Similarly, Democrats have had to contend with anti-Semitism in their own ranks, and distance themselves from dangerous voices like Nation of Islam minister Louis Farrakhan.

Neither of the major political parties is untouched by the forces of hatred and bigotry. People with objectionable views have found each other on social media. Before the internet, individuals with unpalatable viewpoints tended not to talk to people at work, at church or in other social settings about their fringe beliefs. Now Facebook, Twitter, Reddit and other sites have given them pathways to create communities of like-minded individuals, so while their numbers may not be increasing, their influence appears to be growing.

The question is: What are we going to do about it?

The answer, for Democrats and Republicans, is to hold people accountable for the words that they use, and to create distance from the peddlers of prejudice. And to do so loudly, and repeatedly if necessary.
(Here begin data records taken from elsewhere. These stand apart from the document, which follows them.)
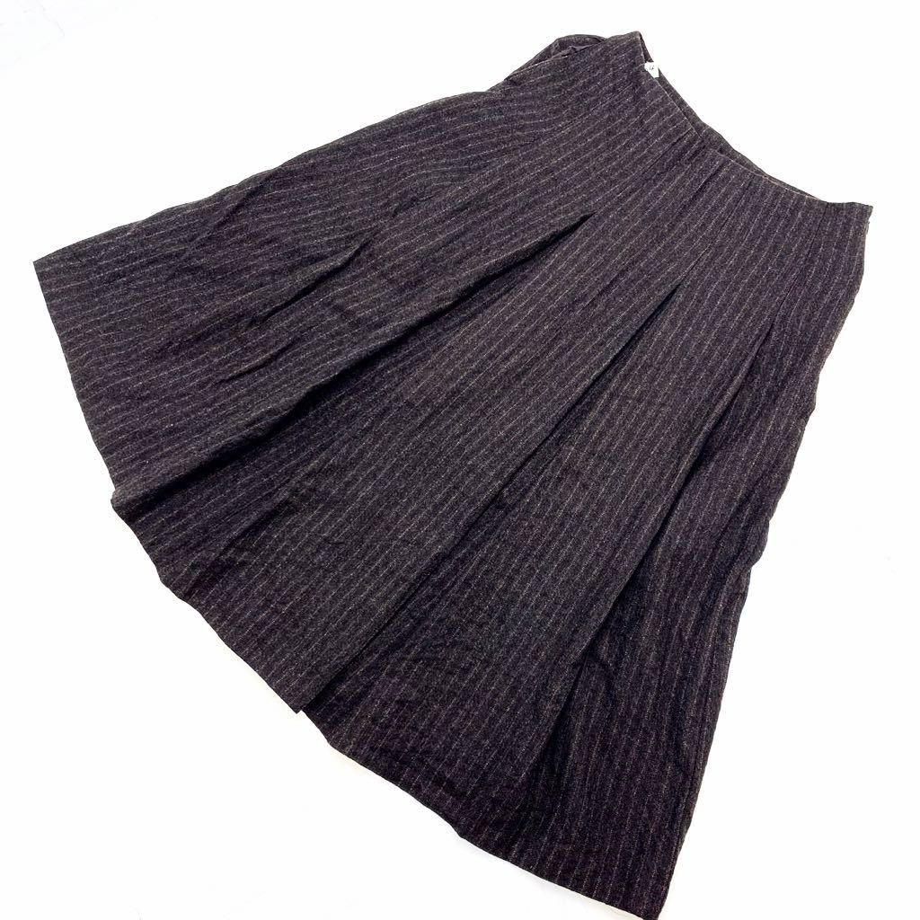 > マーガレットハウエル MARGARET HOWELL MHL. プリーツスカート フレアスカート ウール 1サイズ ブラウン 茶色 キレイめ♪■Ja2604
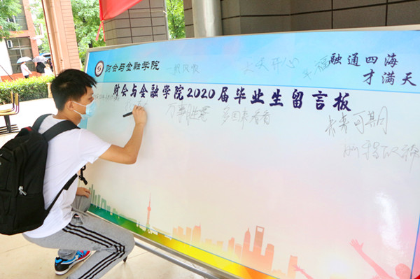 由于疫情,本次毕业生返校、离校显得有些仓促,但是财会与金融学院尽可能地为毕业生营造舒适暖心的环境氛围,现场准备了毕业生留言板,为毕业生送上“云祝福”,毕业离校现场安全有序。
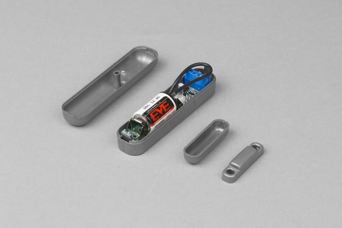 Он состоит из двух частей — собственно блока детектора со встроенным герконом и магнитом, устанавливаемым на створку. Размер основного блока — 75×17×19 мм, магнита — 35×11×8 мм. Корпуса устройств выполнены из пластика. Исполнение данной модели позволяет использовать ее только внутри помещения. Есть возможность выбора цвета корпуса из нескольких вариантов. В комплекте идет инструкция на английском языке (по информации от поставщика, ожидается появления и русской документации для всех продуктов), винты с дюбелями и двухсторонние клейкие полоски для крепления (использовать можно любой из двух вариантов).
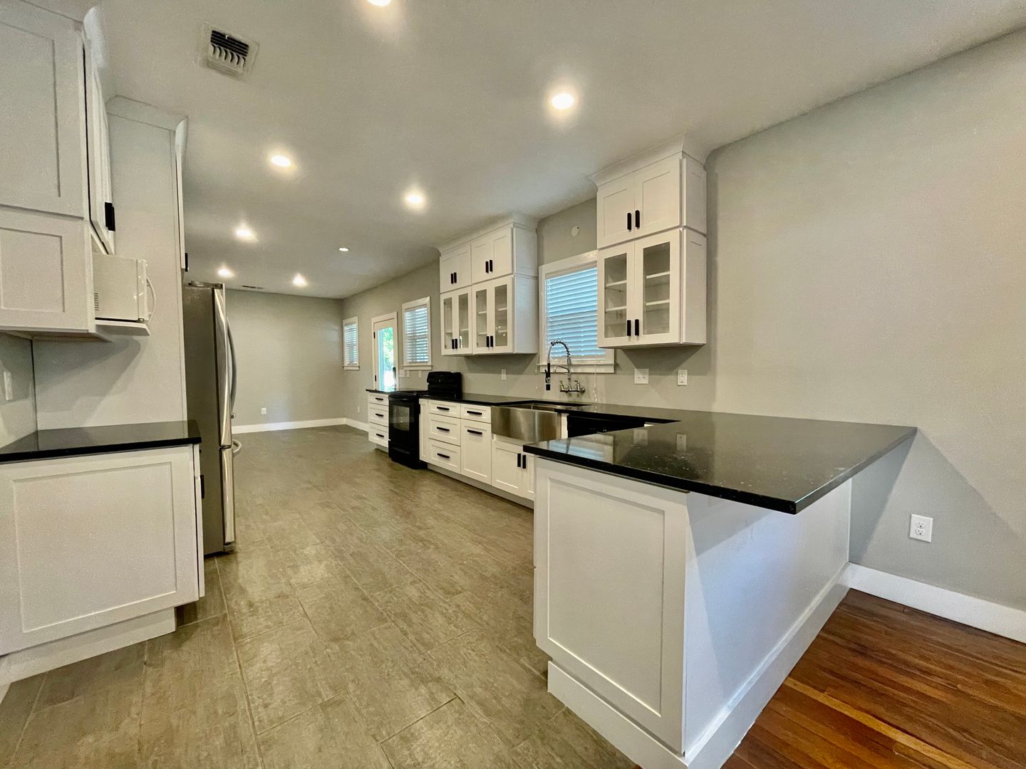 Where charm meets chic sophistication, this modern farmhouse offers hardwood floors in all the bedrooms and living areas and tile in the kitchen and baths. The kitchen features quartz countertops, large single basin sink, an abundance of custom cabinetry with soft-close drawers and cabinets, glass displays, large side-by-side pantry with pull out shelves, updated appliances and many more thoughtfully designed spaces that make everyday use and entertaining a joy. Modern conveniences like central AC and heat, double-pane windows and tankless water heater ensure year-round comfort and energy efficiency. Luxurious details abound from the custom primary walk-in closet, to the spa-like walk-in shower, providing both style and functionality. Spacious Bedrooms is an understatement!
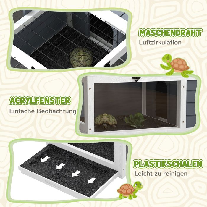 - Einfacher Zugang und Reinigung: Mit zwei ausziehbaren Schubladen und zu öffnenden Deckeln lässt sich dieses Schildkrötengehege problemlos warten. Die Deckel erleichtern auch das Hineingreifen und Versorgen Ihrer Haustiere
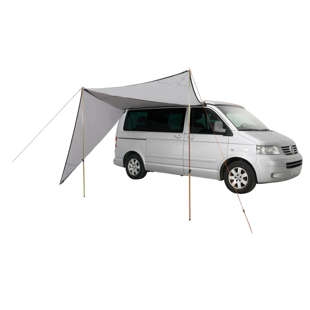 Lom Tri Canopy este un carport de la EasyCamp conceput pentru furgonete, rulote și rulote. Acesta este alcătuit din trei părți triunghiulare care pot fi conectate cu Velcro în mai multe moduri diferite. Pur și simplu configurați-l cu trei stâlpi cu înălțime reglabilă și cordoane de ancorare. Îl puteți atașa la vehicul prin intermediul unei bare de cedru sau prin acoperiș cu ajutorul corzilor de tensionare. Prin utilizarea adăpostului, obțineți protecție împotriva soarelui și a ploii, precum și un spațiu mai privat pentru gătit sau relaxare atunci când călătoriți și campați în mașină.
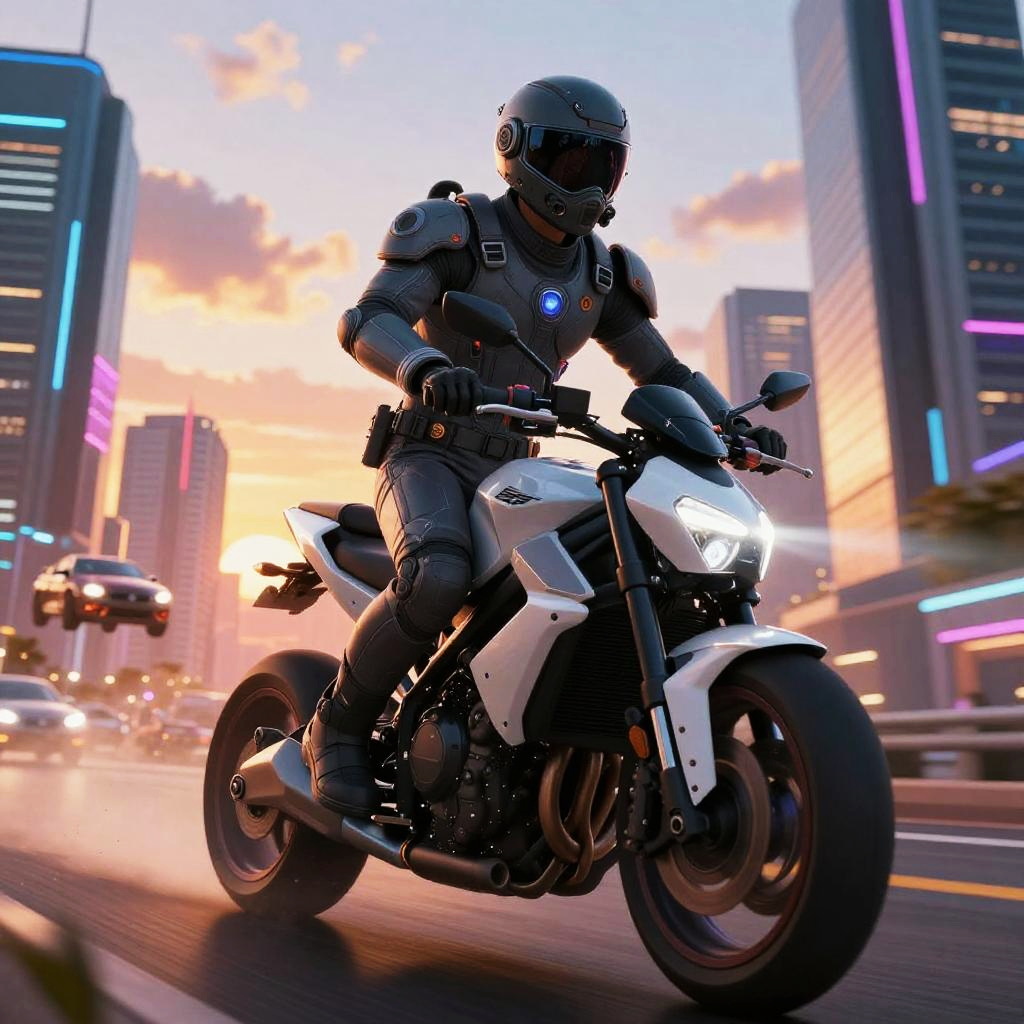 AI anime man with a futuristic pilot suit and visor, poised confidently on a sleek hoverbike, racing through a hyper-modern metropolis filled with towering skyscrapers, neon lights, and flying cars against a vibrant sunset sky.
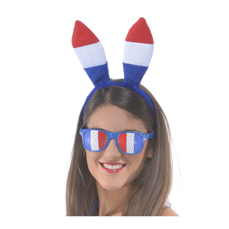 Exprimez votre soutien à l'équipe de France de manière amusante lors d'un match de football ou pendant la coupe du monde en optant pour ces oreilles de lapin tricolores bleu blanc rouge aux couleurs de la France. Cet accessoire de déguisement de supporter pour homme ou femme sera également parfait lors d'un carnaval. Vous pouvez aussi les mettre à l'occasion de la fête nationale. Lunettes et applaudisseur bleu blanc rouge sont aussi disponibles sur le site.
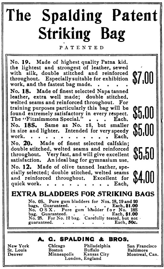 From an advertisement a year later we can see how these particular early bags were fastened to the rope, and why. There was no leather loop on these Spalding bags. From the price list, we can see that "very speedy work" was important to baggers back then. What cracks me up is that the bladder for the budget bag was "carefully tested, but not guaranteed".
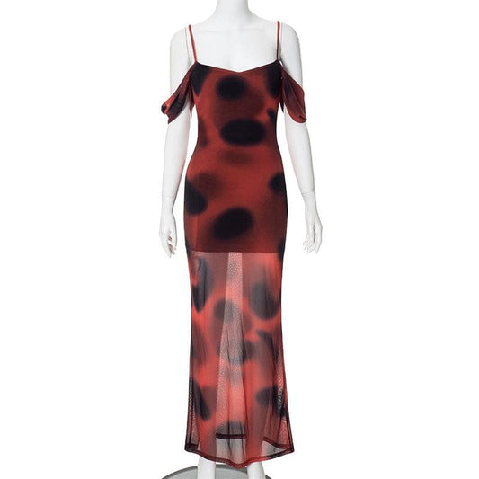 Mesh print slit cami maxi dress
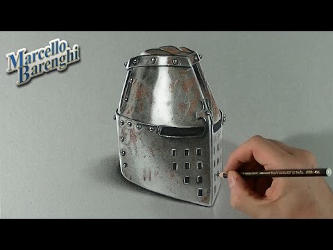 Drawing a realistic medieval helmet Final picture: http://www.marcellobarenghi.com/2013/04/drawing-medieval-helm.html Used tools: heavyweight gray paper, 9B, 7B and B pencils (Caran d'Ache grafwood), paper stomp, colored pencils (Caran d'Ache Supracolor Soft), fibre tip pens (Staedtler Noris Club 320 Double Ended Fibre Tip Pens), markers (Tria Letraset), white charcoal pencil (52 Carb-Othello 1400 Schwan), black and white acrylic (Decoart and Pebeo) Music by http://www.freestockmusic.com/2011/pop-production-music/free-pop-rock-stock-music-no-surrender/
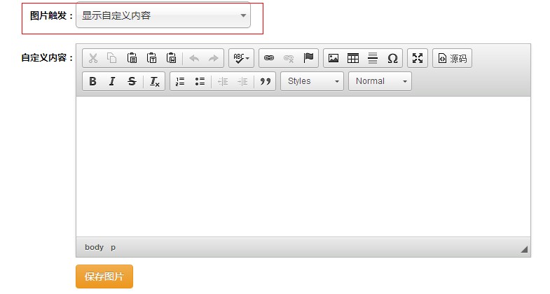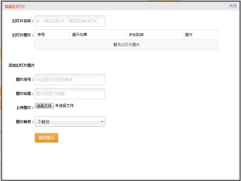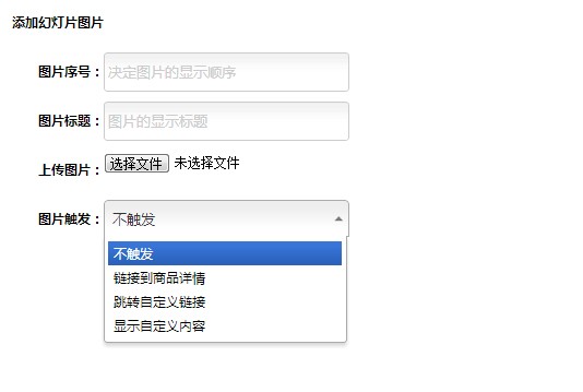 二、然后点击新建幻灯片出来以下界面: 此页面需要你上传相应的图片,然后填写图片的相关信息,如点击此图片是跳转到哪里,图片的显示顺序如何等等: 填好上面的信息,其中图片触发就是点击图片跳转到的地方,这也是此功能非常强大的地方,全面覆盖了商家的所有的需求,不管您是要用幻灯片来来展示商品,还是发布信息,都可以让你随心所欲。如图,点击图片触发方式您可以做如下选择: 选择不触发,则点击图片无反应,只是一个展示。 当您选择链接到商品详情,系统会让你选择需要跳转的商品。 当您选择自定义链接,你需要手动输入跳转的链接。 当您选择显示自定义内容,系统将有显示一个编辑框,让你自由的编辑显示内容。 如以下图所示:
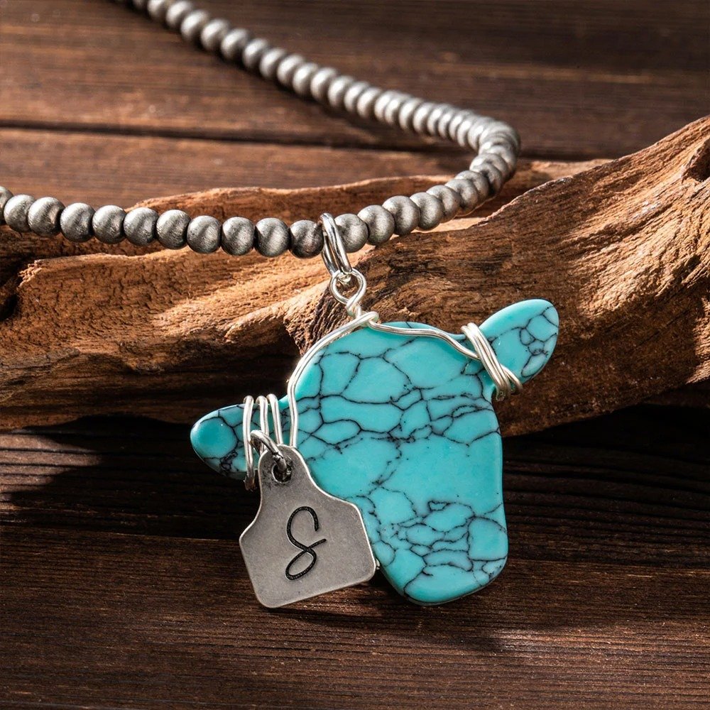 Ce collier est inspiré du style Navajo vintage. La tête de vache a une texture de pierre unique. Il est unique et idéal pour ceux qui aiment l'élément vache.
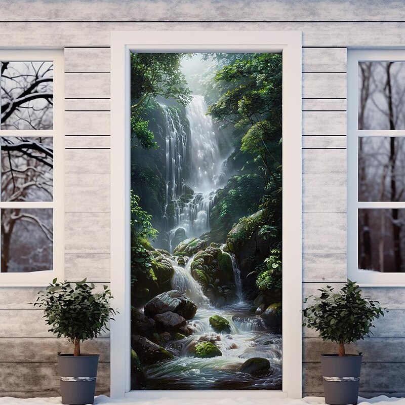 HOT ! Landscape Waterfall Door Covers Door Tapestry Door Curtain Decoration Backdrop Door Banner for Front Door Farmhouse Holiday Party Decor Supplies
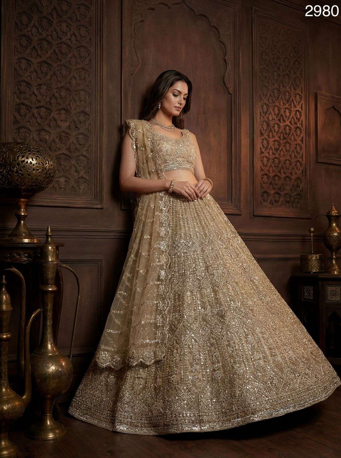 Code 2980 Golden Lehenga choli Designer Dupatta collection manufacturers surat
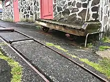 The incline railway operates a narrow-gauge line from the low-level harbour inside the gorge, up a steep incline to the boathouses of the upper village. The line terminates just in front of the village coffee house (Gjáarkaffi). There are no locomotives, and motive power is provided by a winch operating a rope which is attached to the goods wagons. Although the railway is designed for freight transportation, it is a common sight to see local people riding on the wagons with the freight. The winch house is located at the top of the incline, overlooking the gorge. The rope passes from the winch house to the pivot through an underground channel, the route of which may be observed as a series of metal plates set into the road surface. From the pivot onwards the rope is attached to the wagons, and on the incline section of the line it passes over rollers set centrally between the rails of the permanent way.
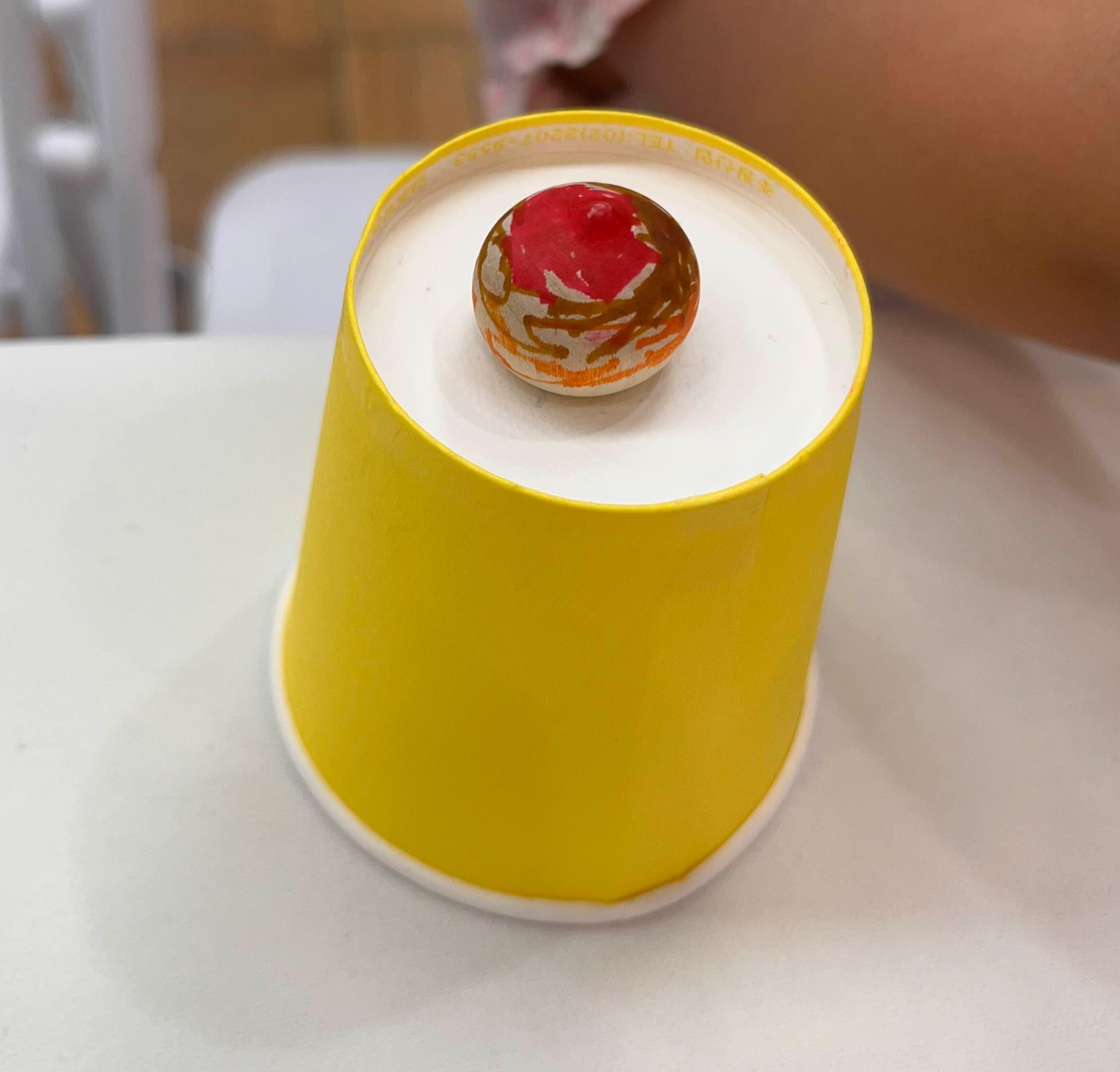 도토리 팽이 만들기. 처음에는 종이컵에 팽이를 붙여놓는건가? 뭐지? 했는데 동그란 팽이기 때문에 색칠하기 쉽게 종이컵에 구멍을 뚫어 꽂아 놓은 것이었다ㅎㅎ 우리애는 저정도만 칠했는데, 선생님이 만들어 놓으신 샘플은 엄청 귀여워서 나도 한개 만들어 보고 싶을 정도였다(그치만 애들 할 것도 없다길래 차마 못해봄 ㅎㅎㅎ 젊은 커플들은 하던데 ㅎㅎㅎ). 조금 큰 아이들한테는 어떤 모양으로 하면 돌아가면서 더 잘 보이는지를 설명해주시기도 하고, 애들이랑 대결도 하셔서 애들이 재미있어했다.

At the July 11-14 College Republican National Committee's Biennial Convention, we will be making it crystal clear that racial divisiveness has no place on our college campuses, and that students who belong to our organization are committed to treating people with respect and defending the God-given dignity of every person.

The resolution to be voted on by delegates reads:

Whereas in the United States, the founding fathers believed that "all men are created equal," and that each person possesses the same opportunity and right to pursue happiness; and

Whereas the people of our nation are united by love of country and the ideals of democracy, freedom, and equality of opportunity, which compose the essential elements of the American Dream; and

Whereas according to the Anti-Defamation League, white supremacist propaganda on college campuses is on the rise; and

Whereas according to FBI statistics, hate crimes nationwide increased over the last three years;

Resolved, That the College Republican National Committee rejects and condemns White nationalism, White supremacy, and racism in any form, as hateful declarations of intolerance, which are inconsistent with the values of the College Republican National Committee, the Republican Party, and the founding principles of the United States.

Unfortunately, racism in all its forms is persistent. It burrows in, and once fastened on its object, becomes hard to dislodge.

Constant vigilance is required, and when racism is uncovered or reveals itself, silence is not an option.